Earnings Could Rebound Sharply: Goldman’s Cohen

Reuters
15 June 2009

Risk aversion has eased, while inventory rebuilding and new business spending bode well for an economic recovery that could provide a dramatic surge in corporate profits by year end, Goldman Sachs senior investment strategist Abby Joseph Cohen said Monday.

Cohen said a recovery in the U.S. economy from its worst recession since World War Two will not be “V-shaped,” and that cleaning up the nation’s heavy credit burden will have a big impact on growth, especially for the consumer.

But Cohen told the Reuters Investment Outlook Summit in New York that corporate profitability could jump in the third and fourth quarters, when compared with the low baseline profits seen in the second half of 2008.

Capital markets, including still-tight credit markets, are “moving back towards normal,” she said.

“Even with that kind of lackluster macroeconomic backdrop, we think there could be a dramatic surge in corporate profits in the third quarter, and especially in the fourth quarter,” Cohen said.

Investors will have to look at parts of the economy that are likely to do well. She pointed to energy and economically sensitive areas, such as business spending on technology and new equipment.

Exporters will likely suffer for some time because the main U.S. trade partner, Europe, will pull out of a recession later than the United States and post slower growth, she said.

Cohen does not expect major announcements from a meeting of U.S. Federal Reserve policymakers next week.
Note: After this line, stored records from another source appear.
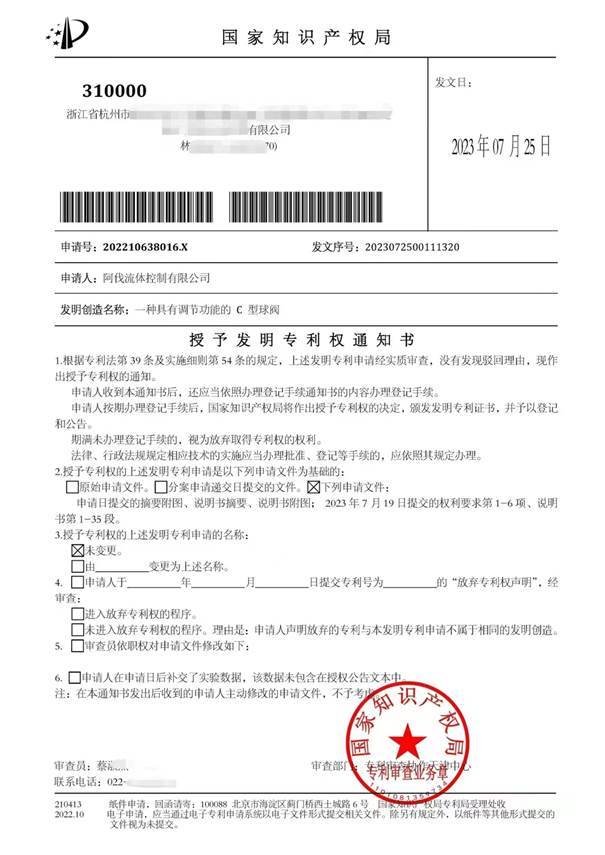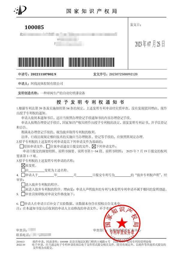 2023年7月25日,replace流体控制有限公司(以下简称“AFA公司”)再获两项国家发明专利授权,这是继今年6月份《一种耐磨C型球阀》获得国家发明专利后的又一重大突破。这两项发明专利分别名为《一种球阀生产自动化喷漆设备》和《一种具有调节功能的C型球阀》。至此,AFA公司获得国家发明专利授权数已达到4项。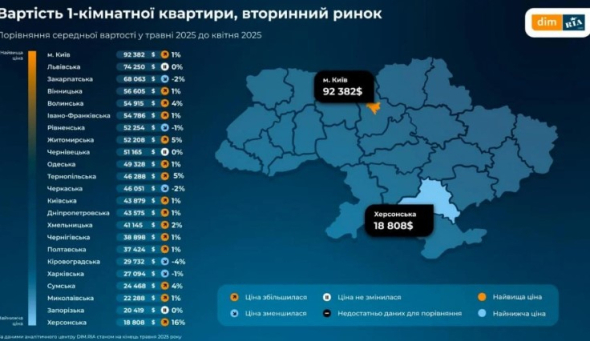 Найбільша кількість оголошень про продаж вторинного житла у травні надходила з Волинської, Рівненської та Миколаївської областей. Згідно з даними дослідження, впродовж травня середня вартість однокімнатних квартир продовжує зростати у більшості регіонів України. Найбільший ріст зафіксовано у Херсонській області (+16%), хоча вона залишається найдешевшою за цим типом житла.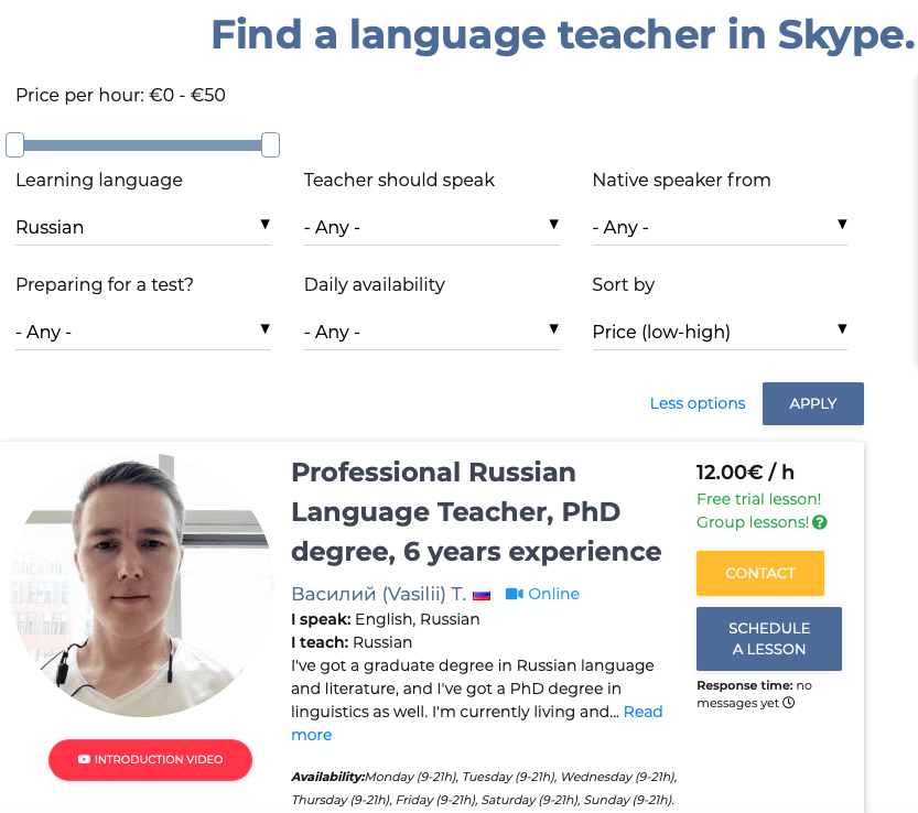 Elle est facilitĂ©e par une interface bien pensĂ©e avec de nombreuses options bien choisies. Le nombre est consĂ©quent et suffisant. Pour faire partie de la sĂ©lection, il est nĂ©cessaire d’apporter la preuve de ses capacitĂ©s de professorat et passer une interview. Un choix qui prĂ©sente un gros avantage, car Co Language sĂ©lectionnant ses intervenants, on ne tombe pas dans le fourre-tout habituel d’un certain nombre de sites mĂ©langeant professeurs, tuteurs ou aventuriers. De plus la trop grande abondance de profils devient trĂšs vite ingĂ©rable pour une recherche. Le choix reste toutefois ici assez large pour trouver son bonheur.

The Fed was likely do “as little as possible for as long as possible,” based on the economic data available to the central bank’s economists.

Market fears of inflation are “spectacularly premature,” she said. “We just don’t see that inflation is going to rear its ugly head any time soon,” she said.

The U.S. budget deficit will reach as much as $1.9 trillion, or 13.2 percent of gross domestic product, but the deficit will be a more manageable 6 percent of GDP in a couple of years, she said.

“We believe that this fiscal year will be, by far, the worst,” she said.

She also said that history is likely to show that Fed Chairman Ben Bernanke has been an “extraordinarily effective” leader during the current crisis, the worst U.S. recession since World War Two.